In 1891 he joined the newly formed Société Nationale des Beaux-Arts, and the pieces he showed at its exhibitions tended to be either religious, as in First Communion (marble, exh. 1893; Lyon, Mus. B.-A.), or symbolist, as in On the Road of Life (marble, exh. 1907; plaster, Reims, Mus. St Denis). His efforts to integrate figures and structure in his public monuments can perhaps best be appreciated in his monument to the Creation of the Universal Postal Union (inaugurated in 1909, in the commemoration of the 25th anniversary of the UPU) for its headquarters in Berne. The monument is placed in the nice Park der kleinen Schanze. Source
The idea of a monument commemorating the founding of UPU was first mooted at the 1900 Universal Postal Congress. An international competition launched under the sauspices of the Swiss Federal Council attracted mothe tan 120 entries from all over the world. In 1903, six designs were short listed, and one year later the jury selectioned René de Saint-Marceaux's entry "Autour du monde" (Around the World). Source: Jérôme Deutschmann, UPU, Focus on Stamps. 4/2009.

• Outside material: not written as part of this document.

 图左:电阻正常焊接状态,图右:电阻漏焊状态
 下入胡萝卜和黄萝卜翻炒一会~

The above two stamps (5c and 2 Fr) were issued by the UPU in 1957, as part of a set of six values. This was the first set issued by the UPU, for the exclusive use of its International Bureau in Berne. The value of 50c was issued in 1960, a part of a set of three values. All these stamps are still in use at UPU's headquarter.

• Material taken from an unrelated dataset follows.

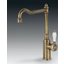 Однорычажная модель в стиле ретро позволяет регулировать напор и температуру воды одной рукой. Устройство представлено в цвете латуни. Поворотный излив может вращаться на угол 360 градусов, что позволяет устанавливать его над мойкой с двумя чашами. Модель отличается значительной высотой излива, ее рекомендуется размещать совместно с глубокими мойками. Смеситель оснащен насадкой-аэратором, с помощью которого вода обогащается воздухом: такая технология способствует экономии воды и уменьшает шум при ударе струи о дно чаши. Модель произведена в Италии, гарантия выдается на 2 года.

The image on the first row of this page, on the right, and the above one reproduce postcards issued in the beginning of the 20th century. The colored pictures were taken by the author of this site in April 2003. Obviously, the monument implores for an urgent cleaning... Captivated by the Swiss capital, Berne, the sculptor depicted the city in the form of a majestic seated female figure, holding a shield with the Berne coat of arms. The charming lady rarely appears on reproductions -- a supplementary reason to show her in her full splendor, even if she looks a bit greenish.
On 10th of September 2009 France and Switzerland commemorated the 100th anniversary of the UPU monument by a joint issue. The Swiss stamps was issued as an UPU service stamp and therefore could be used only by the UPU staff from Bern.
The FDC was issued and sold by the Swiss postal administration. Please note that the monument, that become to symbolize the UPU, was already shown on more then 800 stamps worldwide, being the most shown monument displayed on the postal stamps worldwide.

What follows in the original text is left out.